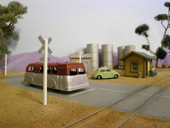 On August 15, 2009 I attended an estate sale sponsored by the Glendale Model Railroad Club. One of the things I purchased was a Tootsie Toy bus designed to look like a Twin Coach bus. At the same sale my dad purchased some buildings that came from Whit Towers' Alturas and Lone Pine (ALP) railroad. As my dad searched model magazines to find pictures of the buildings he bought, he found a picture that showed my Tootsie Toy bus on the ALP. I now own a piece of this historic model railroad.
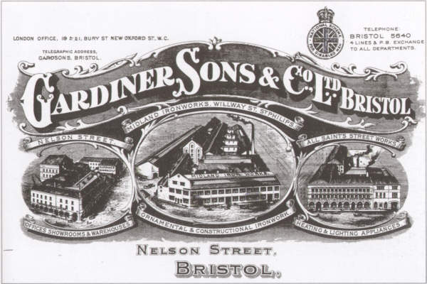 By 1878, the business had expanded into manufacturing, producing gates, railings, steel windows, church ironwork and light constructional steelwork from premises in All Saints Street and Duck Lane (now Fairfax Street). In 1893, Gardiner & Sons became one of the first limited liability companies in Bristol.
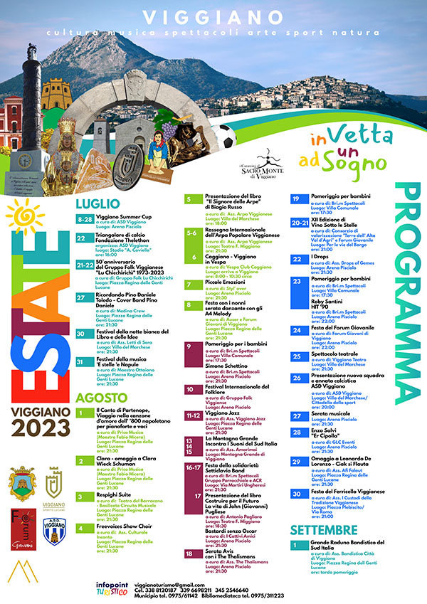 Viggiano – 25 luglio 2023. “In vetta ad un sogno”, è questa la frase di lancio per il cartellone degli eventi estivi 2023 del Comune di Viggiano.
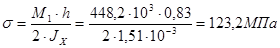 - напряжение в балке от её общего изгиба в продольном направлении.
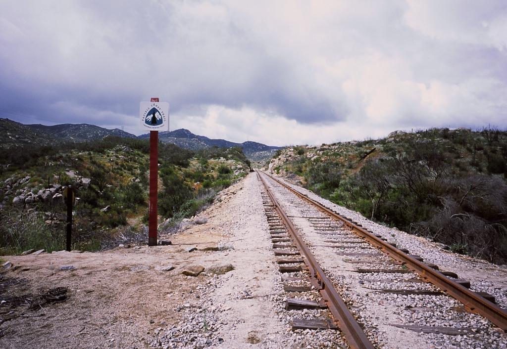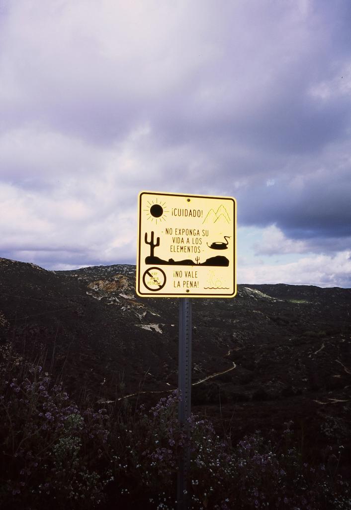 21日の夜半から天候は雨。朝方にはいったん上がったが、その後も降ったり晴れたりの天気が続く。カンポからレイク・モレナまでの20マイルは水場も無く、最初から2日分の水、約3Lを背負って歩く。雨が降っているのに飲み水は無いというしんどいスタート。密入国者むけだろうか、スペイン語で書かれた看板があちこちに建っている。
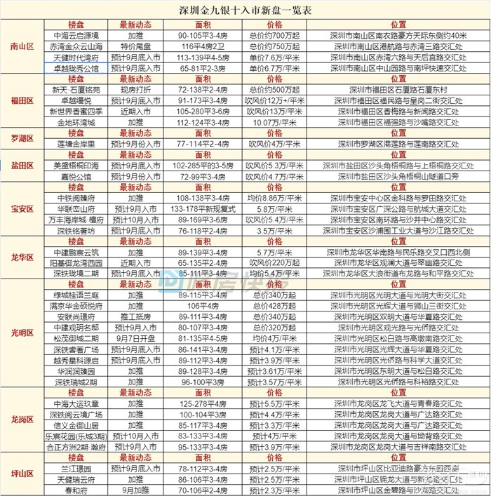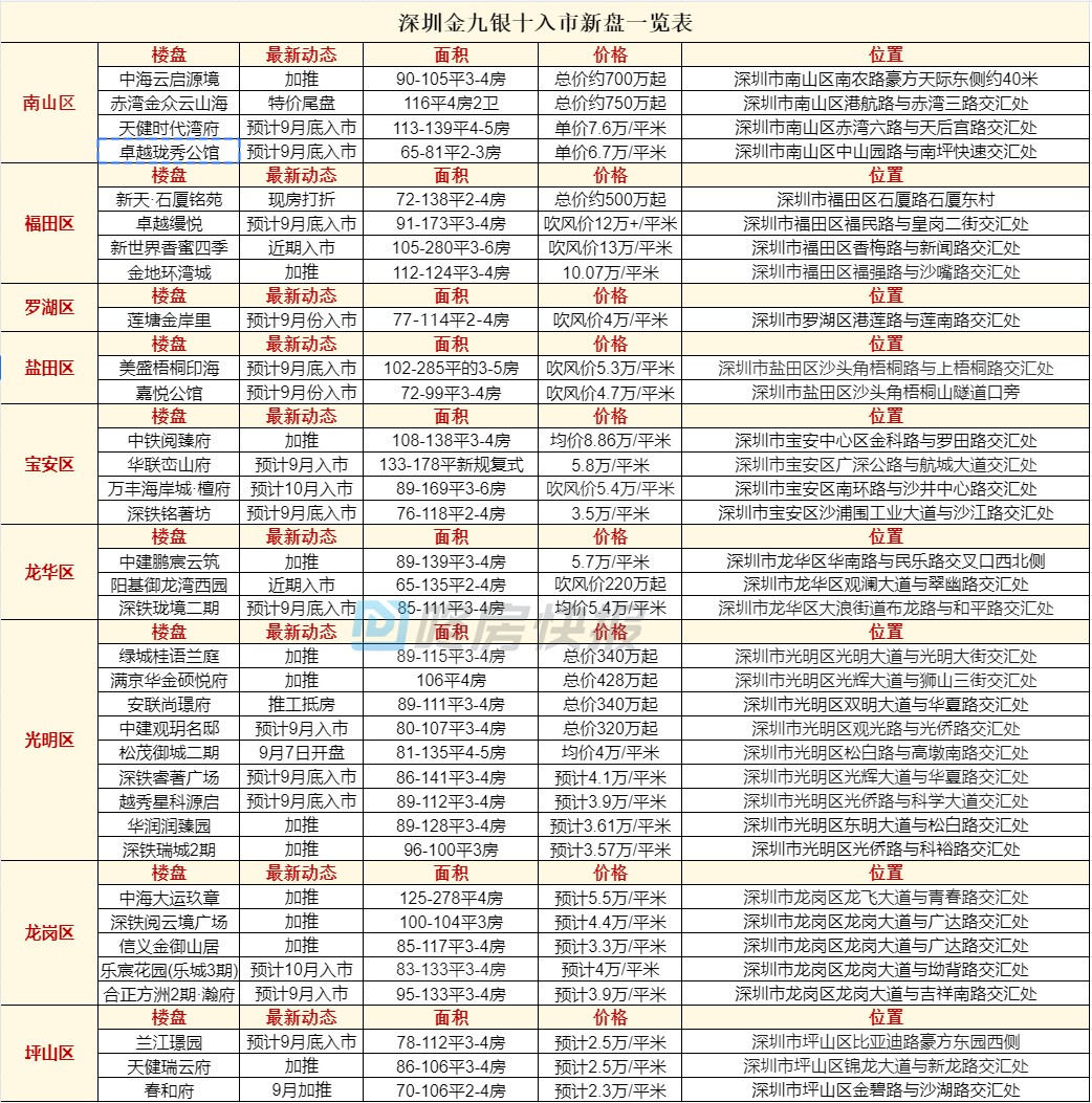 本期收集了44个9-10月待入市楼盘清单最新动态
════
> _Exercise prompt_
Where the line containing "- напряжение в" appears above, start there and set down each line exactly through the last line of the data; leave out every picture.

> _Response box_
 - напряжение в балке от её общего изгиба в продольном направлении.
 21日の夜半から天候は雨。朝方にはいったん上がったが、その後も降ったり晴れたりの天気が続く。カンポからレイク・モレナまでの20マイルは水場も無く、最初から2日分の水、約3Lを背負って歩く。雨が降っているのに飲み水は無いというしんどいスタート。密入国者むけだろうか、スペイン語で書かれた看板があちこちに建っている。
 本期收集了44个9-10月待入市楼盘清单最新动态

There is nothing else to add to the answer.